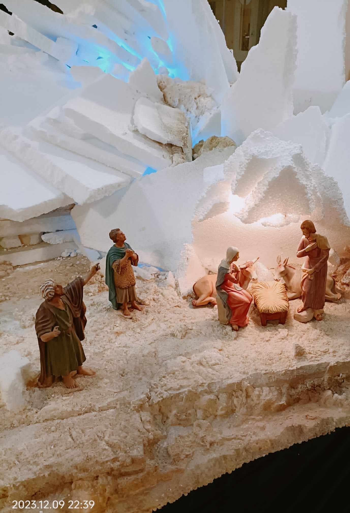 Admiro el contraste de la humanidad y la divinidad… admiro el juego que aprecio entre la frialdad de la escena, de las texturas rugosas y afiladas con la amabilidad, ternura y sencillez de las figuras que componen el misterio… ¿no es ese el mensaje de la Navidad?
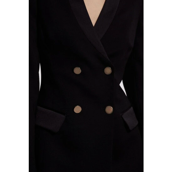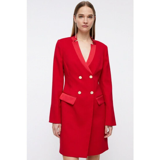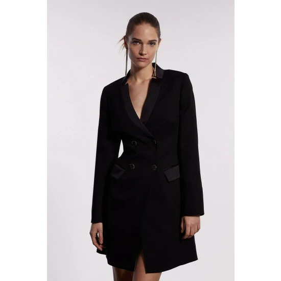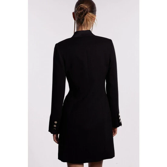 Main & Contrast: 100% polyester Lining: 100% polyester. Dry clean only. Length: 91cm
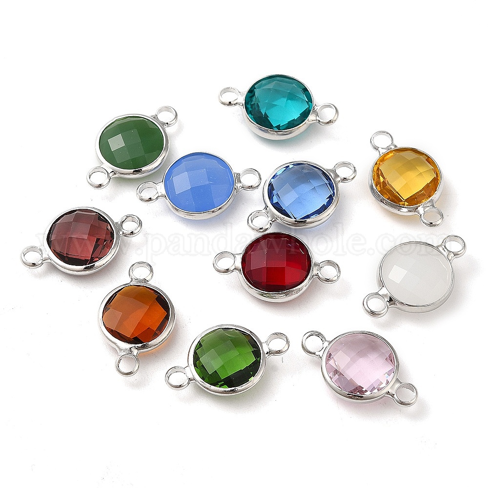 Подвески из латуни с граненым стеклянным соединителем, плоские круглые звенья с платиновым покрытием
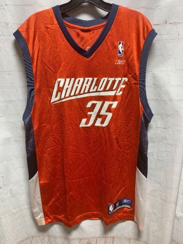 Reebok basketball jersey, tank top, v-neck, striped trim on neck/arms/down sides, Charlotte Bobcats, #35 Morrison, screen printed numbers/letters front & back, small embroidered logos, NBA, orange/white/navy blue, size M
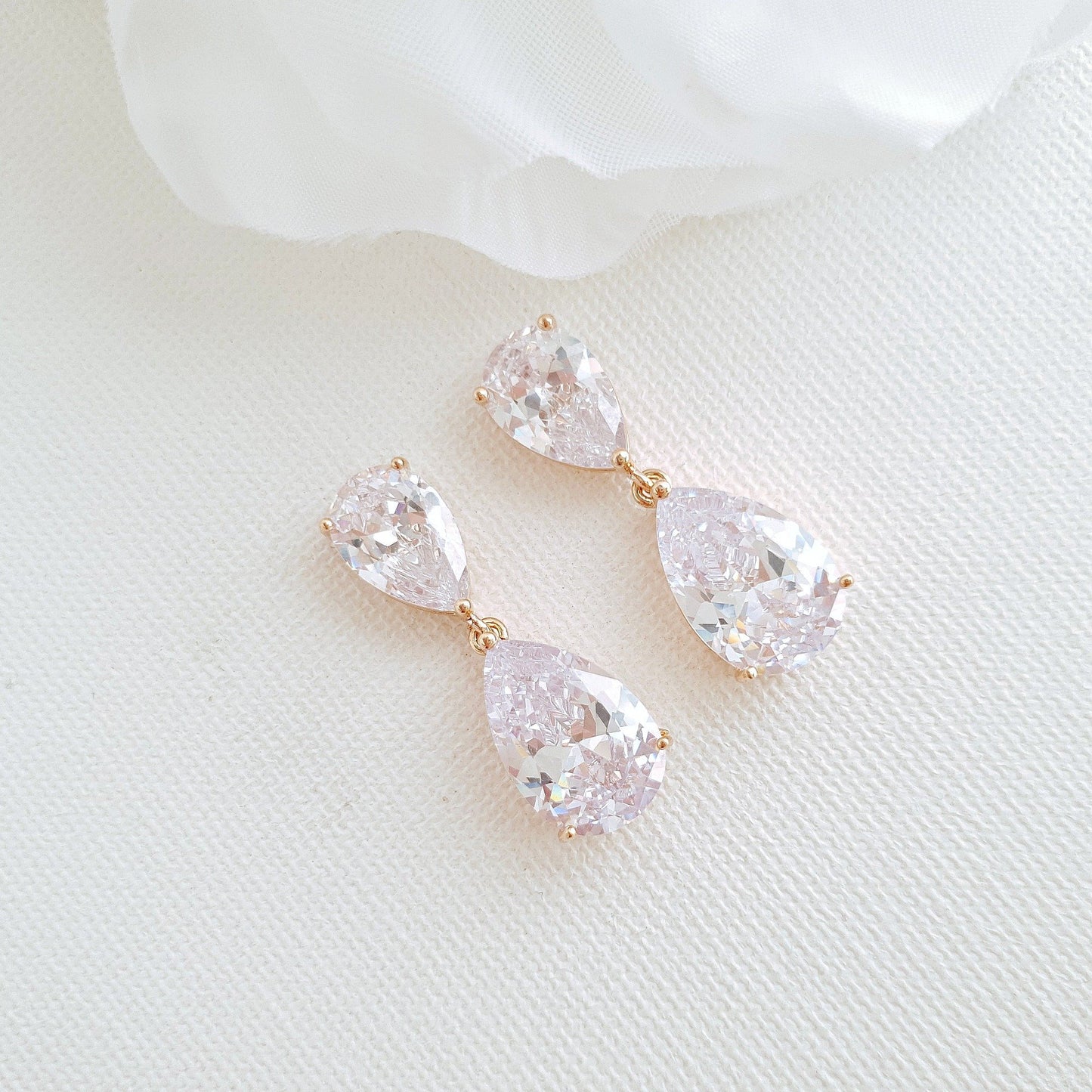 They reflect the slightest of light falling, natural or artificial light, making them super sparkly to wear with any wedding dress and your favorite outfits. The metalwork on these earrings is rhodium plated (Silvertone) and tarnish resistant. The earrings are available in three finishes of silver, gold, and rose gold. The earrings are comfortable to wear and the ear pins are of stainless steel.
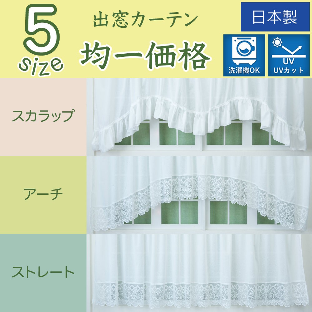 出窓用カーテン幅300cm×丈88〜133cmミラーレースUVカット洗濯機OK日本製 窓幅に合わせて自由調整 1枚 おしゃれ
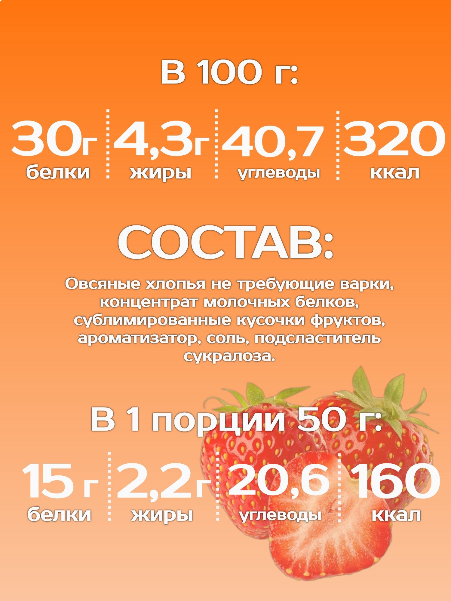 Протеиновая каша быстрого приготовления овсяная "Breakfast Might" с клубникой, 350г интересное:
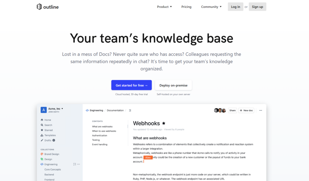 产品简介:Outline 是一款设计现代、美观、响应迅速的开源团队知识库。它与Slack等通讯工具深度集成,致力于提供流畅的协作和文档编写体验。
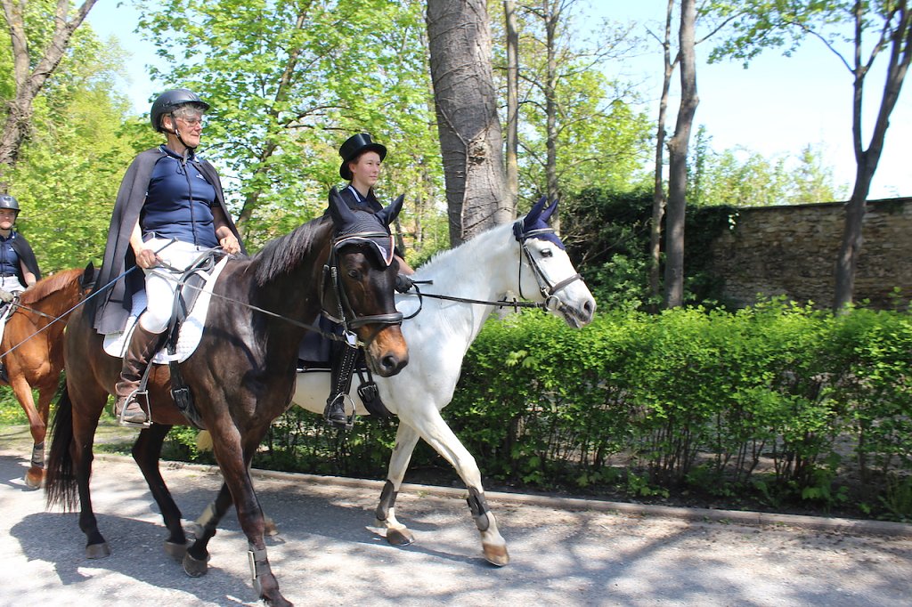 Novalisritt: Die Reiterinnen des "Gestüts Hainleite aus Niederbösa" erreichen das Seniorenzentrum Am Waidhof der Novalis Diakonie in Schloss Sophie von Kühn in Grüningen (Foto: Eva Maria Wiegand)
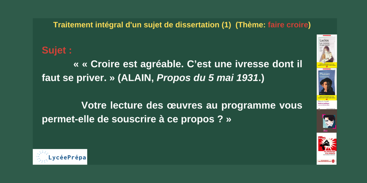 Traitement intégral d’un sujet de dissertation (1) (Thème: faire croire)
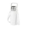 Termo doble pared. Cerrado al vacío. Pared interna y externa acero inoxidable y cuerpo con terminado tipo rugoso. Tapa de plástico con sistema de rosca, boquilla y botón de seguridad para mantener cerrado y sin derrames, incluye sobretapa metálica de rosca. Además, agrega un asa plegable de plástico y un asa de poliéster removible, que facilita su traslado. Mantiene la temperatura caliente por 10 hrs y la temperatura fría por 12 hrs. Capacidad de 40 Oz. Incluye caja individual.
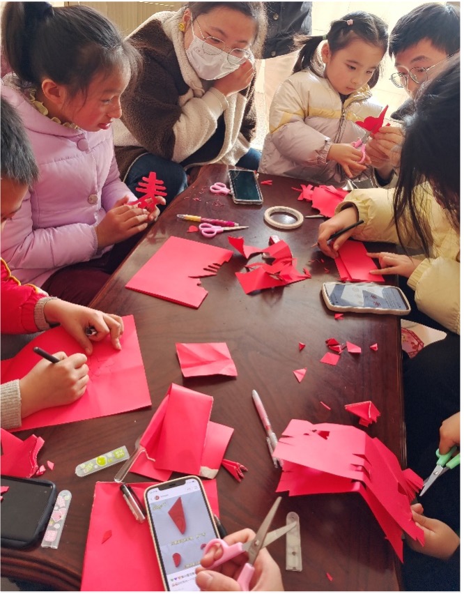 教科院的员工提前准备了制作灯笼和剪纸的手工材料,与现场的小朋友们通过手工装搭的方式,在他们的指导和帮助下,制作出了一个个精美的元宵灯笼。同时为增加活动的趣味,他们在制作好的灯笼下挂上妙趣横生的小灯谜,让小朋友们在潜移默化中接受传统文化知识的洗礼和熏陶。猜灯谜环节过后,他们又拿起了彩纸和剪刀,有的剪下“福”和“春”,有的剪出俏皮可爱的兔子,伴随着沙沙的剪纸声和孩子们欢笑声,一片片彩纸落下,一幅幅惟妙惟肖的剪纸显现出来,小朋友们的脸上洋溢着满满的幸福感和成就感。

##########

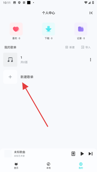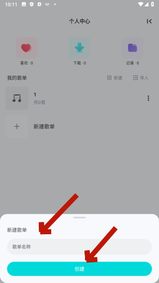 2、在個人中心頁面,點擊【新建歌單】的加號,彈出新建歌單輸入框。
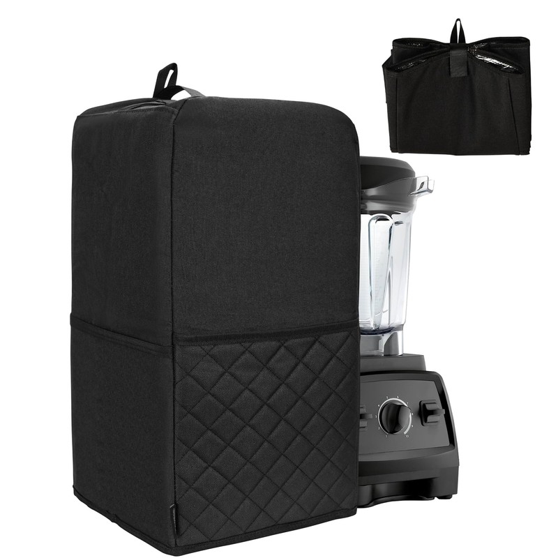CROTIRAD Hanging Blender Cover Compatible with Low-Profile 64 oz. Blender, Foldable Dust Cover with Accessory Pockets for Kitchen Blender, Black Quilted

##########

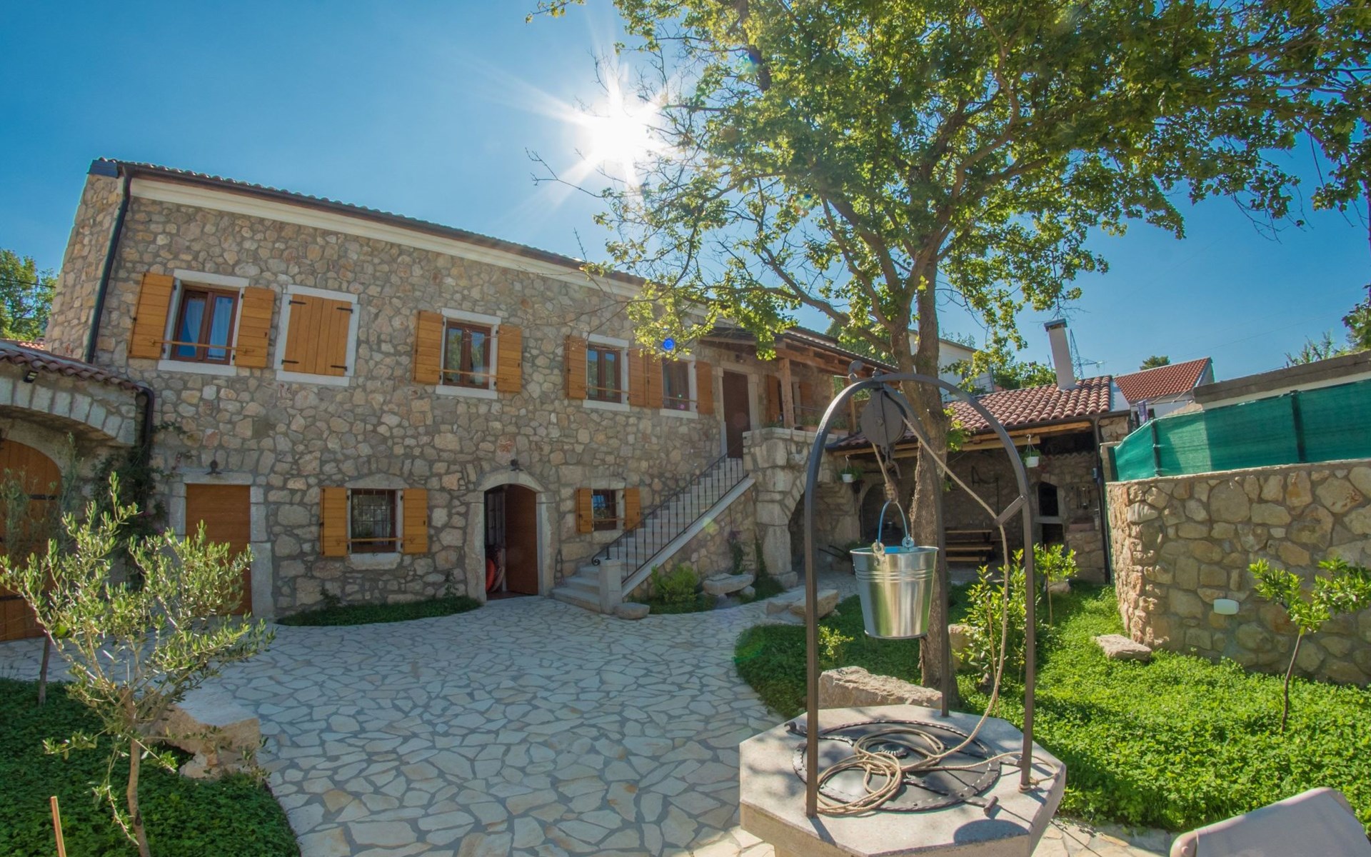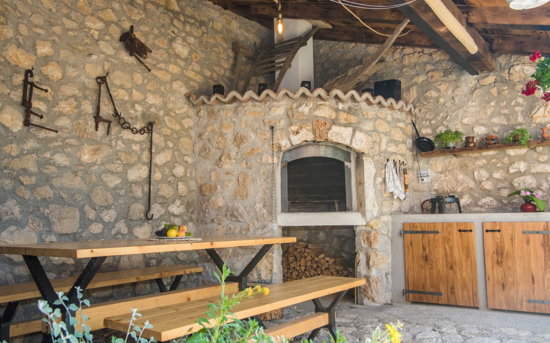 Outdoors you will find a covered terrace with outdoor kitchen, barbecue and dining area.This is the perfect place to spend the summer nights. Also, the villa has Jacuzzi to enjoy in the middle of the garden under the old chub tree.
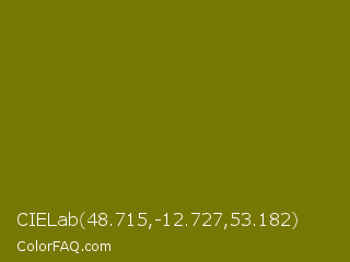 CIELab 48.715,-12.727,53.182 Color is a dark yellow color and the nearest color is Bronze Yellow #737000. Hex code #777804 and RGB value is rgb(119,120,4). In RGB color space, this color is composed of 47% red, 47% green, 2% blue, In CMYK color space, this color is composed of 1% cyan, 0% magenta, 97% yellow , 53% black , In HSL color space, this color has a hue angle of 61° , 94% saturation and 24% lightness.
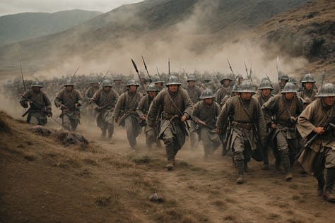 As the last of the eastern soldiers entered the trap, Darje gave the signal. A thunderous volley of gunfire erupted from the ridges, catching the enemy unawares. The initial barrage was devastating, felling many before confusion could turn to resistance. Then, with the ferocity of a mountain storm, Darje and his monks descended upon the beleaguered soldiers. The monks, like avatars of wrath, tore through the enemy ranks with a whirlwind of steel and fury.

##########

▶ _PROBLEM_
Repeat exactly, and only, the entries from the line with "2、在個人中心頁面,點擊【新建歌單】的加號,彈出新建歌單輸入框。" through the line with "CROTIRAD Hanging Blender". Pictures are skipped.

▶ _ANSWER SECTION_
 2、在個人中心頁面,點擊【新建歌單】的加號,彈出新建歌單輸入框。
CROTIRAD Hanging Blender Cover Compatible with Low-Profile 64 oz. Blender, Foldable Dust Cover with Accessory Pockets for Kitchen Blender, Black Quilted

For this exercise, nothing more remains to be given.